=== Problem description ===
From the records below, output exactly the lines starting at the line with "RESFOOD PREMIUM BAMBOO" and ending at the line with "Για OnePlus 7", both of them included, but no pictures.

=== Data for this task ===
++++

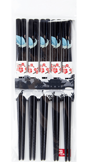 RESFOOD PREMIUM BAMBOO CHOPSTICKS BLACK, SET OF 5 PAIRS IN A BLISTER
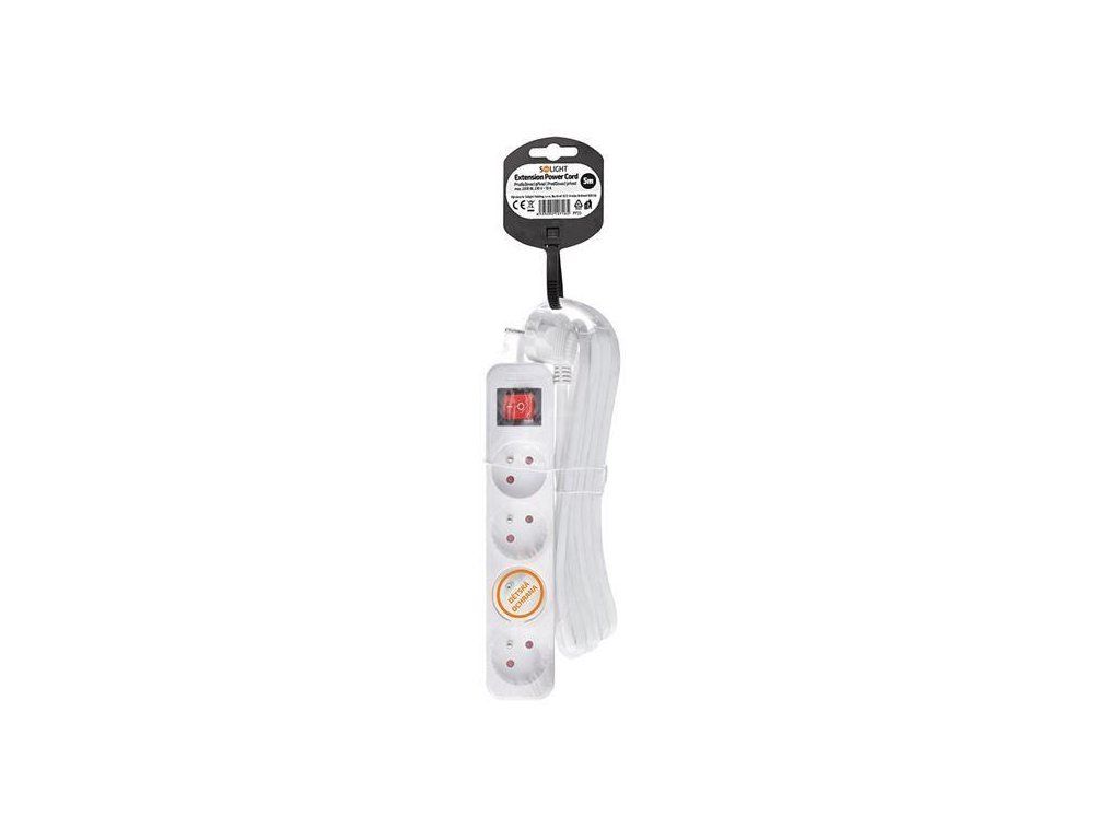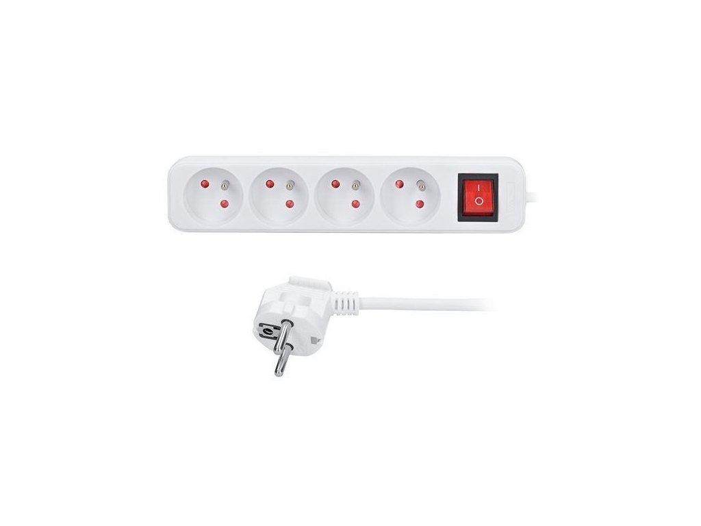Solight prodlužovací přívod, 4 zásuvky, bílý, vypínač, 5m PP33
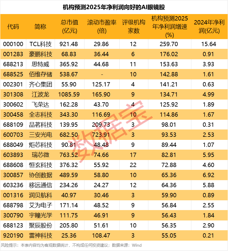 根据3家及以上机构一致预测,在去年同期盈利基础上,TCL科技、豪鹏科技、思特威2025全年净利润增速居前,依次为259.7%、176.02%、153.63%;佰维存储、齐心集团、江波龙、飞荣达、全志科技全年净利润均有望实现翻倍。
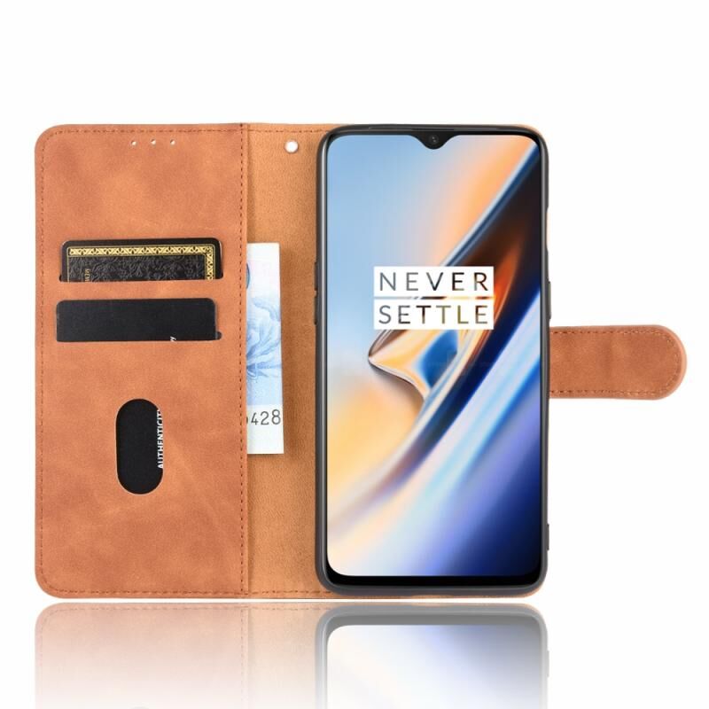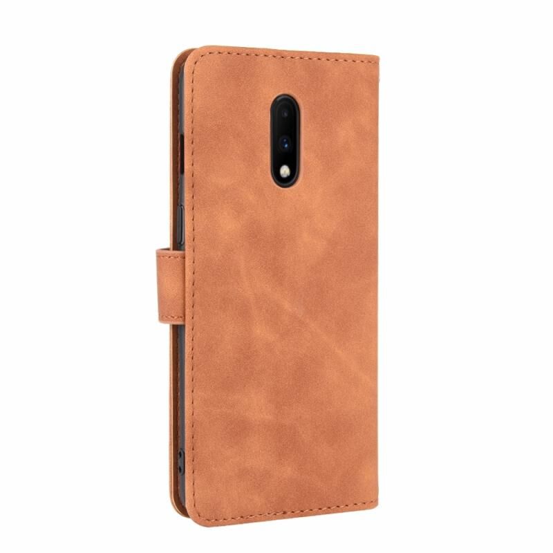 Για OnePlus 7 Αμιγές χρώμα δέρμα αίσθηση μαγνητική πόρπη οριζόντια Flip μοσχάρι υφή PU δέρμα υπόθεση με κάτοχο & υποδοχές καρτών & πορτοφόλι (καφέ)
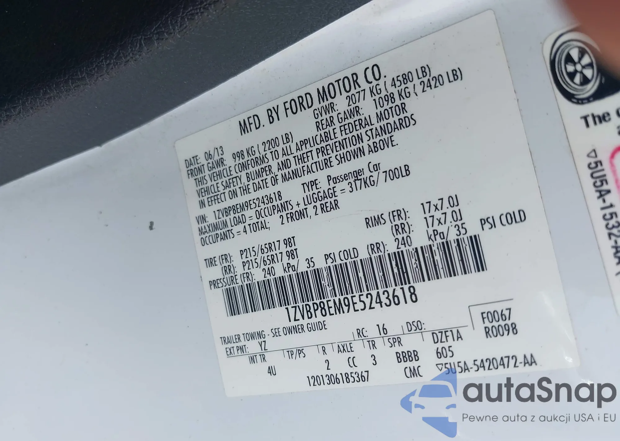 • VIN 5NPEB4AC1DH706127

++++

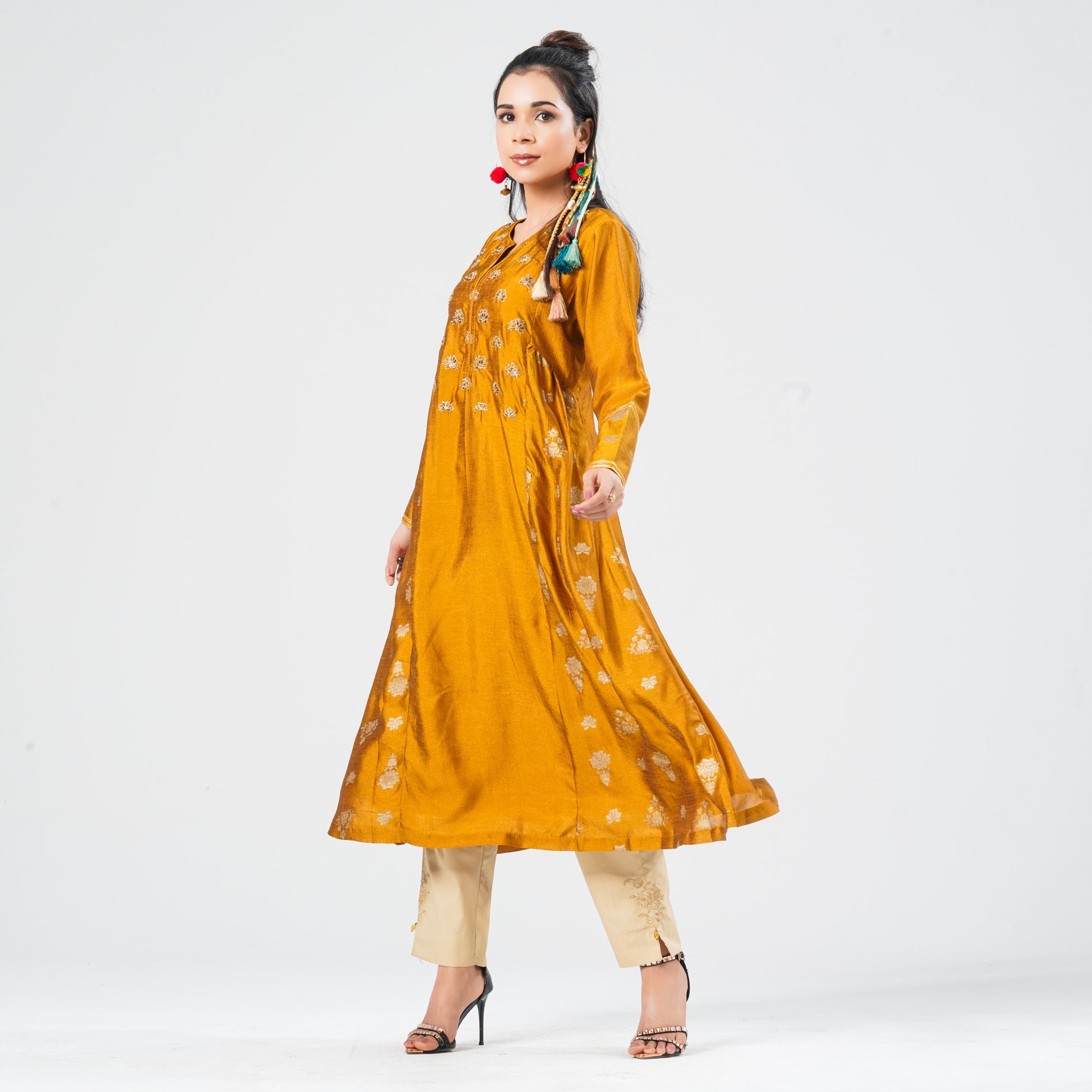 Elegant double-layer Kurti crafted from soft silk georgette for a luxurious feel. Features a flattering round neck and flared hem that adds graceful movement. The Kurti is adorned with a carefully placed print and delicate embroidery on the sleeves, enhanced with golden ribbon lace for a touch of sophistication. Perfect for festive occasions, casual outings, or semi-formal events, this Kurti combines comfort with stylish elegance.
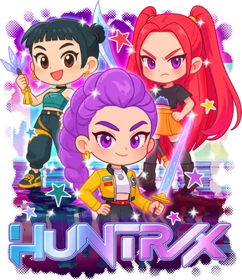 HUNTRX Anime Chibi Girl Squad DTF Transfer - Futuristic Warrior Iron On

++++

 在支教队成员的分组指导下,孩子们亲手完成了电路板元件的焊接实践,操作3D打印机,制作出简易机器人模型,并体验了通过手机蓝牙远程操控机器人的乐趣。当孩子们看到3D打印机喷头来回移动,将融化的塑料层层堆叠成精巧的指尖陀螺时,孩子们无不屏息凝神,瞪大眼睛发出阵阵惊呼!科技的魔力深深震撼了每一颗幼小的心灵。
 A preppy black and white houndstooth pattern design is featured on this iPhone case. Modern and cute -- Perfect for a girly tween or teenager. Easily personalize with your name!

++++

=== Response box ===
 RESFOOD PREMIUM BAMBOO CHOPSTICKS BLACK, SET OF 5 PAIRS IN A BLISTER
Solight prodlužovací přívod, 4 zásuvky, bílý, vypínač, 5m PP33
 根据3家及以上机构一致预测,在去年同期盈利基础上,TCL科技、豪鹏科技、思特威2025全年净利润增速居前,依次为259.7%、176.02%、153.63%;佰维存储、齐心集团、江波龙、飞荣达、全志科技全年净利润均有望实现翻倍。
 Για OnePlus 7 Αμιγές χρώμα δέρμα αίσθηση μαγνητική πόρπη οριζόντια Flip μοσχάρι υφή PU δέρμα υπόθεση με κάτοχο & υποδοχές καρτών & πορτοφόλι (καφέ)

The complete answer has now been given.